Data Freshness: How do we incorporate a user's latest action into the feed immediately? (Answer: Online feature store updates and event-driven embedding refreshes).

Diversity & Exploration: How do we prevent filter bubbles? (Answer: Re-ranking stage for diversity and "exploration" sampling).

Bonus Points

Multi-gate Mixture-of-Experts (MMoE): Designing the ranking model to optimize for multiple objectives (e.g., watch time AND click-through rate) simultaneously.

Negative Feedback Handling: Implementing a "don't recommend this channel" or "not interested" signal with immediate cache invalidation.

Feature Drift Monitoring: Staff-level systems monitor the statistical distribution of features in real-time to detect if the model's training data no longer matches live traffic.

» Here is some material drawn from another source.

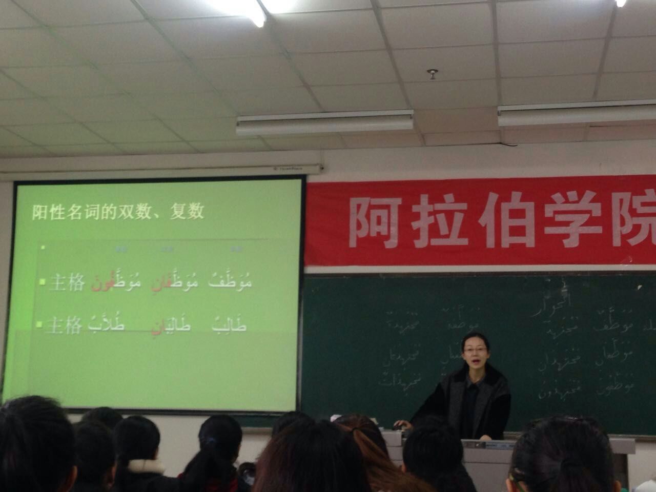 第二堂课由独乐老师和何祯老师主讲,时间是上午第三小节课,地点在贺兰山校区文科楼112教室,主讲课程是基础阿语Ⅰ。在课堂上,独乐老师的授课内容重点突出,讲课条理清晰,讲授内容逻辑性强、知识点规律明了易懂。何祯老师通过多媒体课件,对课前由同学们提出的知识点难点进行讲解和补充,课上师生互动积极,教风活泼、灵活,极大地带动了课堂氛围。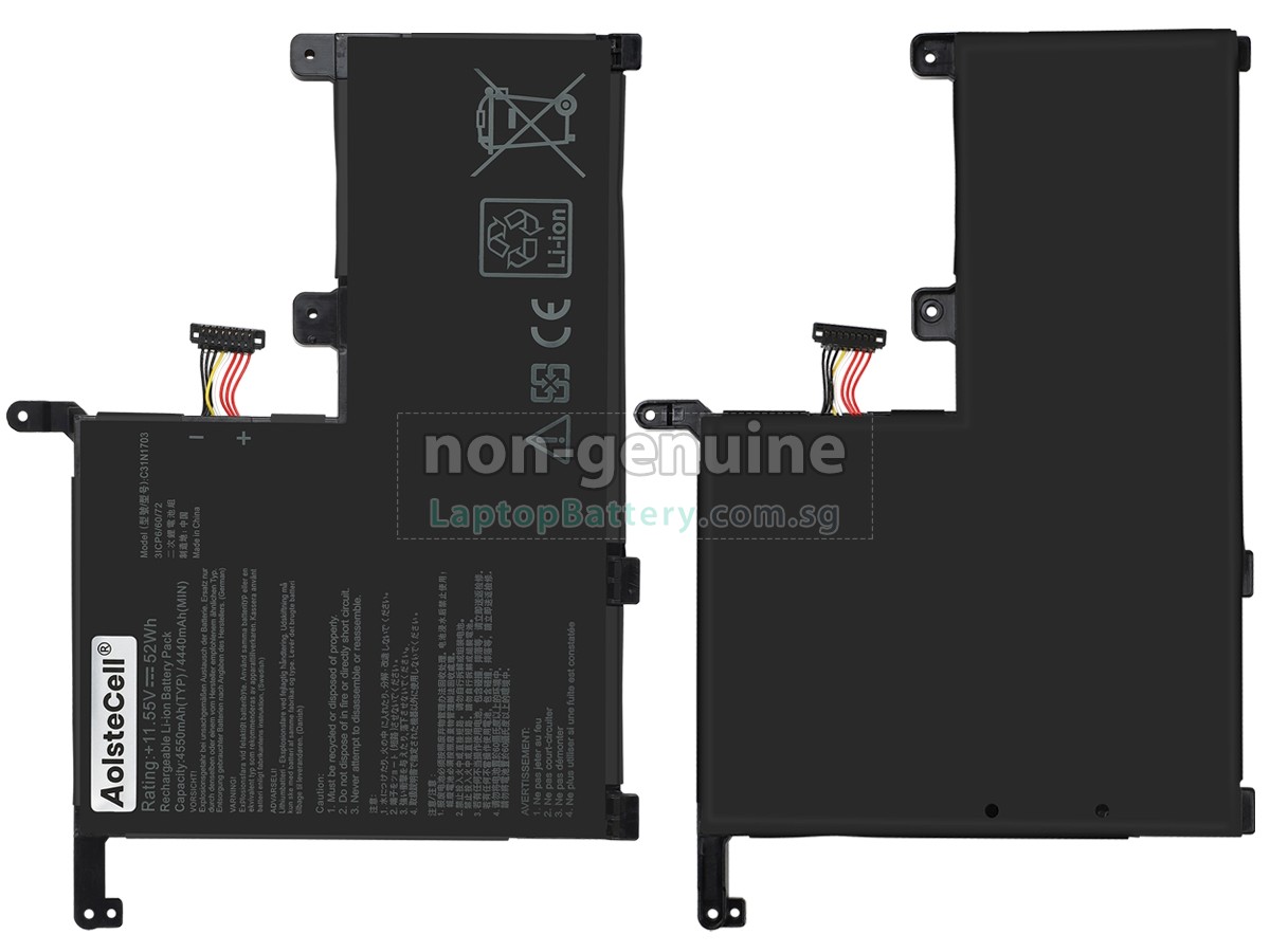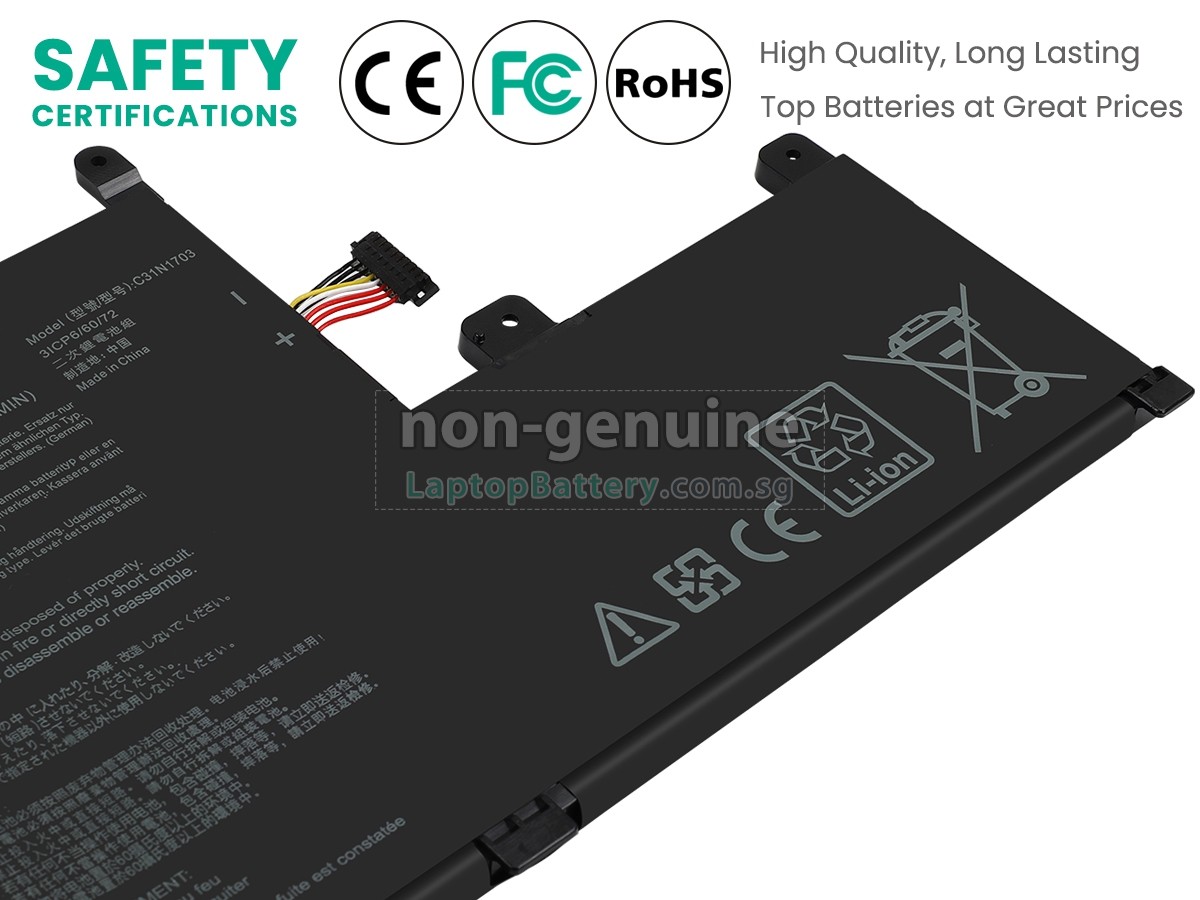 Welcome your patronage and thank you for purchasing this high quality replacement Asus C31N1703 laptop battery at Laptopbattery.com.sg! Before placing an order, please make sure that the part number of your old Asus C31N1703 battery is listed as below and has the same shape as our replacement C31N1703 battery's images (please view the larger images for details).

Cost-Efficient Training: Using "Negative Sampling" in the retrieval stage to train models on a fraction of the non-clicked data to save on compute costs.

Design Breakdown

Functional Requirements

Core Use Cases:

Fetch personalized home feed (list of videos).

Fetch "Up Next" / Sidebar recommendations for a specific video.

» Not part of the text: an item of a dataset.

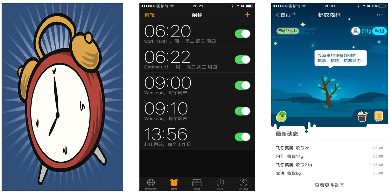 从闹钟向手机闹铃转变,从早餐看报纸向收蚂蚁森林转变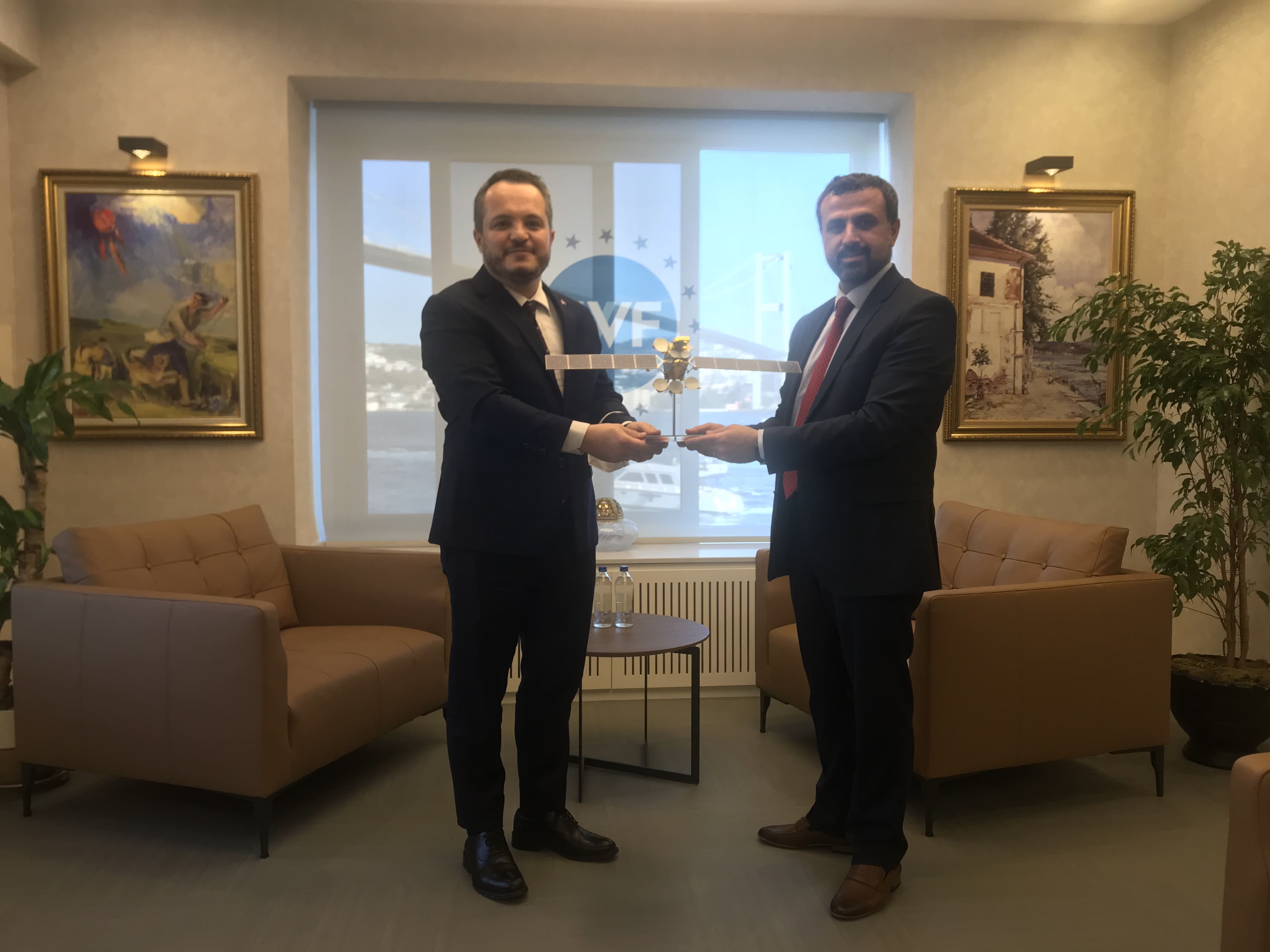 Türksat CEO Hasan Hüseyin Ertok, Vice President Metin Çavuşoğlu and Türksat Budget and Financial Control Director Oğuz Enis Peru, paid a courtesy visit to Salim Arda Ermut, who in March was appointed president of Turkey Wealth Fund.

Record user interactions (watch duration, clicks, skips).

Scope Control:

In-scope: Recommendation serving pipeline, feature storage, event ingestion.

Out-of-scope: Video transcoding, search engine (text-based), ads placement (separate engine).

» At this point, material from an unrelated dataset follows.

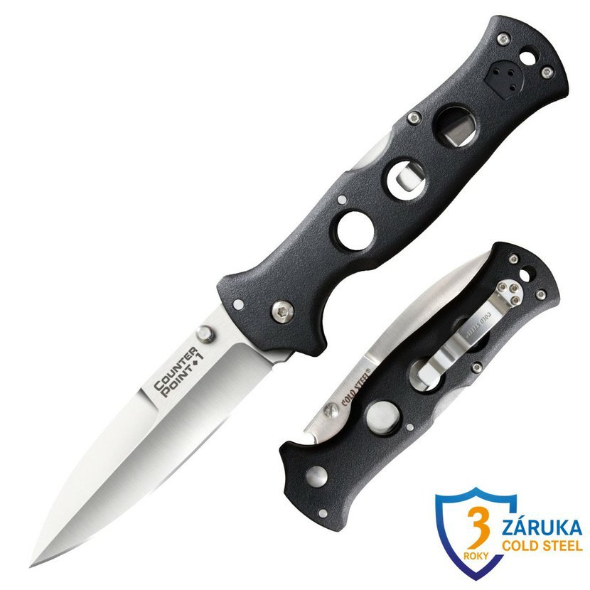 Zavírací nůž Counter Point II od firmy COLD STEEL patří do řady zavíracích nožů s dvojitým ostřím. Čepel je vyrobena z japonské oceli AUS8A vakuově kalená do oleje a následně žíhaná pro dosažení zvýšené pevnosti a tvrdosti. S ohledem na vyšší podíl nerozpuštěných karbidů má vyšší odolnost proti opotřebení, ale nižší stabilitu ostří. Díky silné špičce zajišťuje nůž velni velkou průchodnost materiálem. Counter Point II má horní ostří falešné proto se brousí pouze spodní část ostří. Rukojeť je vyrobena z materiálu Griv-Ex a je vyztužena teplně zpracovanými hliníkovými vložkami. To dělá Counter Point nejen velmi pevným, ale pohodlným a bezpečným. Je vhodný pro skryté nošení.

Non-Functional Requirements

Scale: Support 500M DAU and 100k+ QPS for recommendation requests.

Latency: P99 < 200ms for recommendation generation.

Availability: 99.99% availability (Highly available over strongly consistent).

Consistency: Eventual consistency for new video indexing and user history updates.

Fault Tolerance: If the ML ranking service fails, fallback to a cached global "Popular Videos" list.

Estimation

Traffic: 500M DAU. Assuming 20 feed refreshes/day = 10B daily requests.

Average QPS: ~115k QPS. Peak QPS: ~250k QPS.

Storage:

User history (1000 actions/user * 500M users) = 500B records.

Video features (1B videos * 1KB metadata) = 1TB.

Bandwidth:

Each response (~20 video IDs) is small (~1KB).

115k QPS * 1KB = 115MB/s outgoing.

Blueprint

This architecture follows the Retrieval-Ranking pattern. A "Recommendation Service" orchestrates the flow: first fetching 100-500 candidates from a Vector DB, then scoring them using a Ranking Service, and finally applying business logic (filtering/diversity).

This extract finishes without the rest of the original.